→ **Data items**
══════════

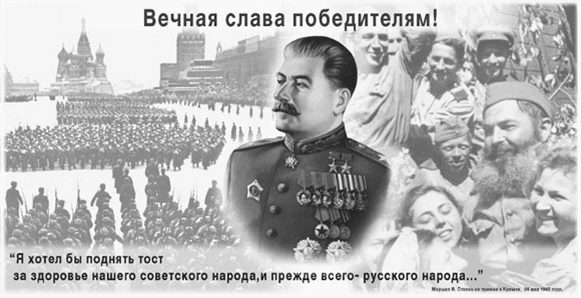 И вот тут в полной мере определяется причина нынешней ненависти власть имущих к Сталину. Ведь что явилось ключом к Победе? Нет, не заработавшая блестяще военная индустрия. Нет, не накопившийся в войсках опыт воевать. Всё это было уже следствием. Первопричина в ином, в том, что Сталин поистине гениально прочувствовал нерв, который называется национальный дух народа, и сделал всё для возрождения этого победу творящего духа, начиная с пронзительного обращения «братья и сестры», начиная с возвращения в память народную героических, славных имён Минина, Пожарского, Невского, Суворова, Кутузова, Ушакова, Нахимова, на которых стоял и стоять будет русский героизм, и завершая, наконец, знаменитым тостом «За великий русский народ!».
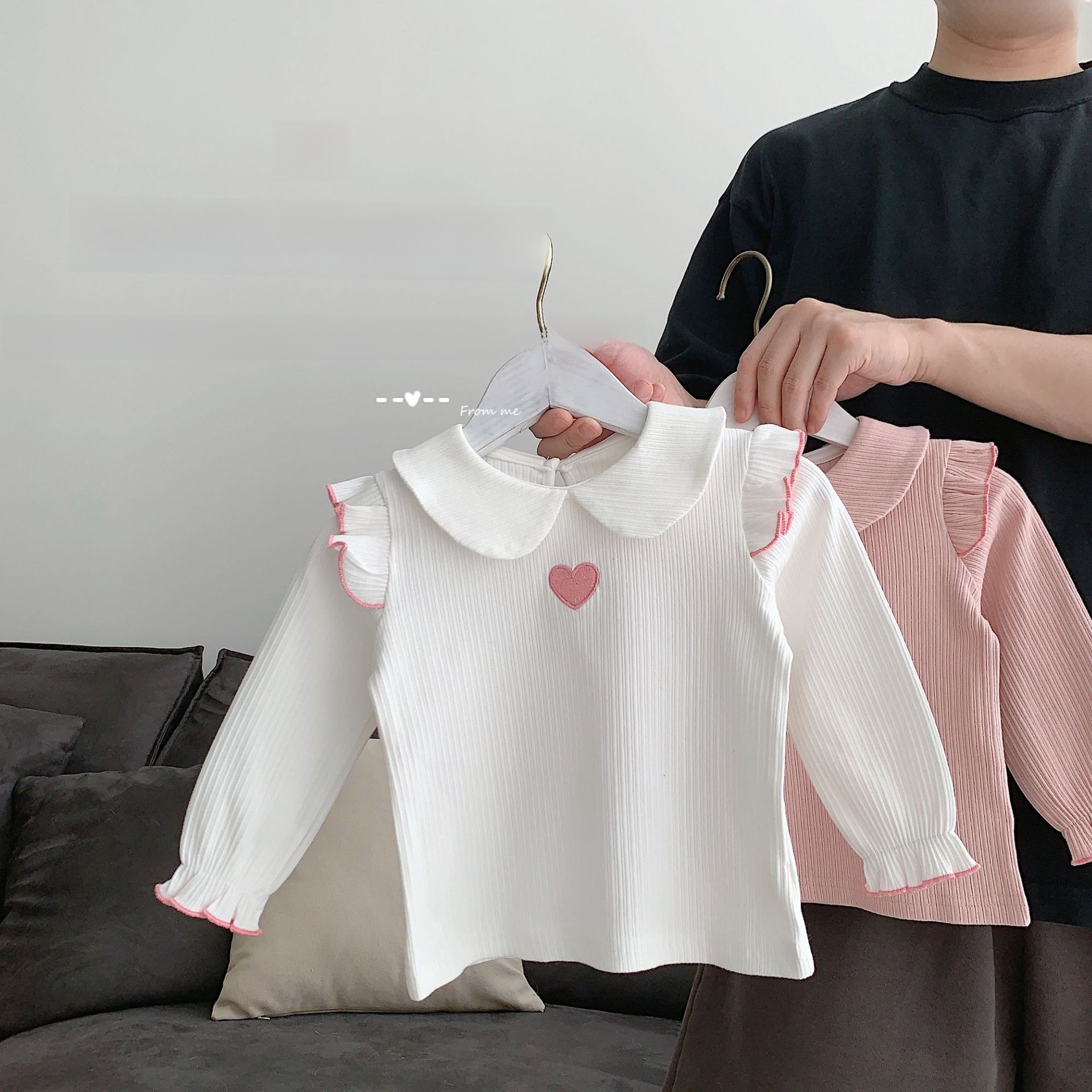 Autumn 2023 0-3 Years Old Girls Children Korean Love Long Sleeve Pullover Base Shirt Top T-shirt
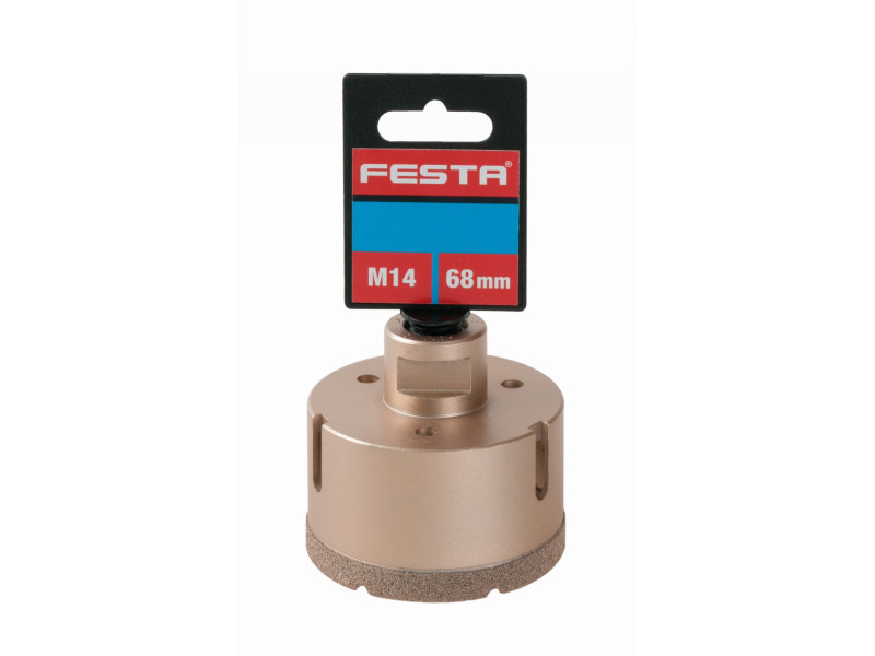 professzionális gyémánt fúrószár M14-es menettel - sarokcsiszolókhoz"száraz"pontos és gyors fúráshoz kőben, burkolatban, csempében, gránitban , márvány és egyéb rendkívül kemény anyagok nem csak az építőiparban gyémánt rétegmagasság 10 mm, hosszú élettartam anélkül, hogy bármilyen segédszerszámot kellene használnia, a kívánt helyen körbeírja a pontos furatot javasolt munkamenet - csavarja fel a koronát közvetlenül a sarokcsiszolófej menetére, húzza meg határozottan kezdje el körbeírni a kívánt furatot 45°-os szögben , a csiszolókorona és a sebessége azonnal biztosítja a rögzítést a kívánt helyen, lassan egyenesítse ki a körkörös mozgás irányát függőlegesbe pozíció egyenletes nyomással,kisebb, 6-14 cm átmérőjű fúrás kemény járdákba, egyes fúrások között, HŰTÉS - csak merítse egy pohár vízbe, vagy hagyja kihűlni a levegőben forradalmak alatt!Oktató videó
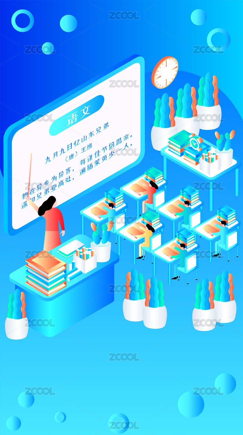 学生上语文课简约炫彩科技风矢量插画
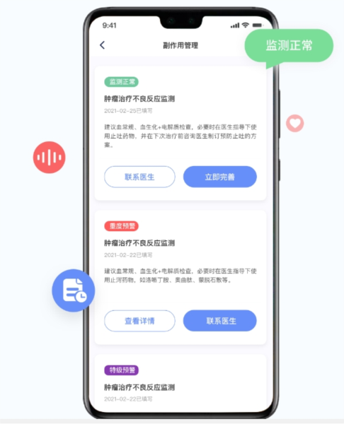 副作用管理:定期记录治疗期间的身体指标变化,协助监测院外不良反应,系统对异常指标自动预警,及时提醒医生干预。
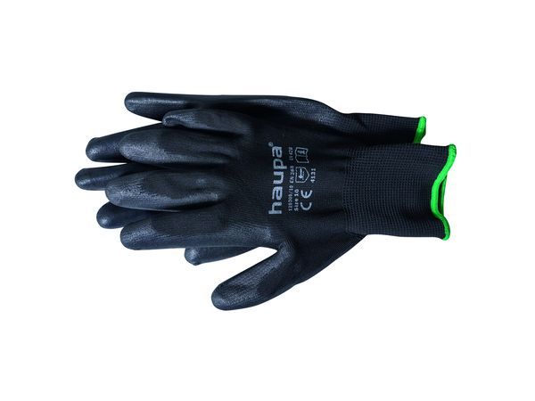 PU-Textil-Handschuh PU-Arbeitshandschuh zum Schutz vor mechanischen Risiken gemäß EN420 Kat. 2, EN388 Level 4.1.3.1.; schwarz / schwarz, Handinnenfläche und Fingerkuppen mit PU Beschichtung, Polyamid-Liner, Rundstrick – nahtlos, Strickbund, angenehmer Tragekomfort, atmungsaktiv, sicherer Griff mit exzellentem Tastgefühl, hohe Abriebfestigkeit für lange Standzeiten, hervorragende Passform, paarweiseBei Fragen zum Produkt bitte Email an [email protected] EAN 4011923602260 Herstellernummer120300/9
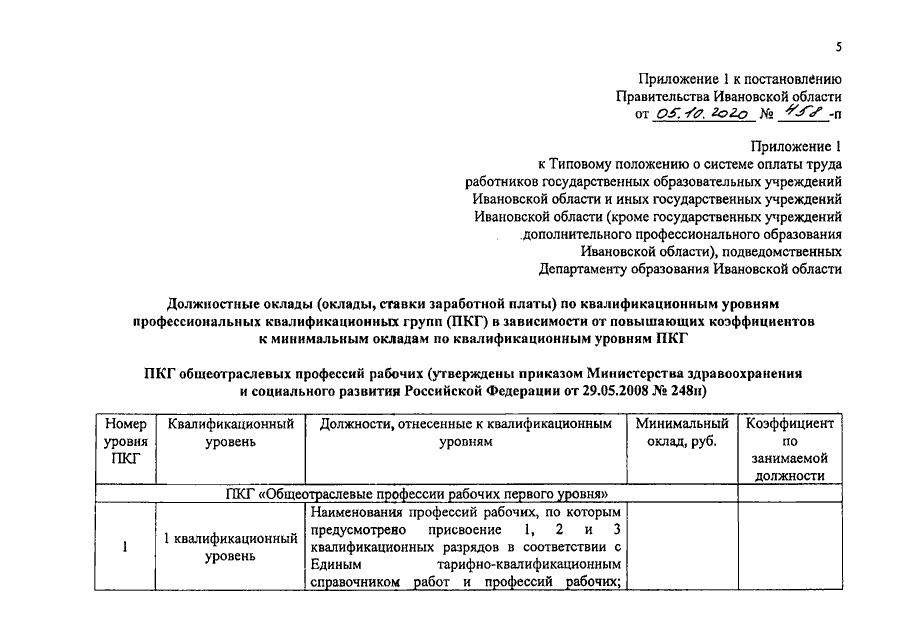 Постановление Правительства Ивановской области от 05.10.2020 N 458-п "О внесении изменений в постановление Правительства Ивановской области от 31.12.2008 N 371-п "О системе оплаты труда работников государственных учреждений Ивановской области, подведомственных Департаменту образования Ивановской области"

══════════

→ **Problem**
What is needed is an exact copy of the lines from the start of the records through the line containing "Autumn 2023 0-3", with no pictures.

→ **Written answer**
 И вот тут в полной мере определяется причина нынешней ненависти власть имущих к Сталину. Ведь что явилось ключом к Победе? Нет, не заработавшая блестяще военная индустрия. Нет, не накопившийся в войсках опыт воевать. Всё это было уже следствием. Первопричина в ином, в том, что Сталин поистине гениально прочувствовал нерв, который называется национальный дух народа, и сделал всё для возрождения этого победу творящего духа, начиная с пронзительного обращения «братья и сестры», начиная с возвращения в память народную героических, славных имён Минина, Пожарского, Невского, Суворова, Кутузова, Ушакова, Нахимова, на которых стоял и стоять будет русский героизм, и завершая, наконец, знаменитым тостом «За великий русский народ!».
 Autumn 2023 0-3 Years Old Girls Children Korean Love Long Sleeve Pullover Base Shirt Top T-shirt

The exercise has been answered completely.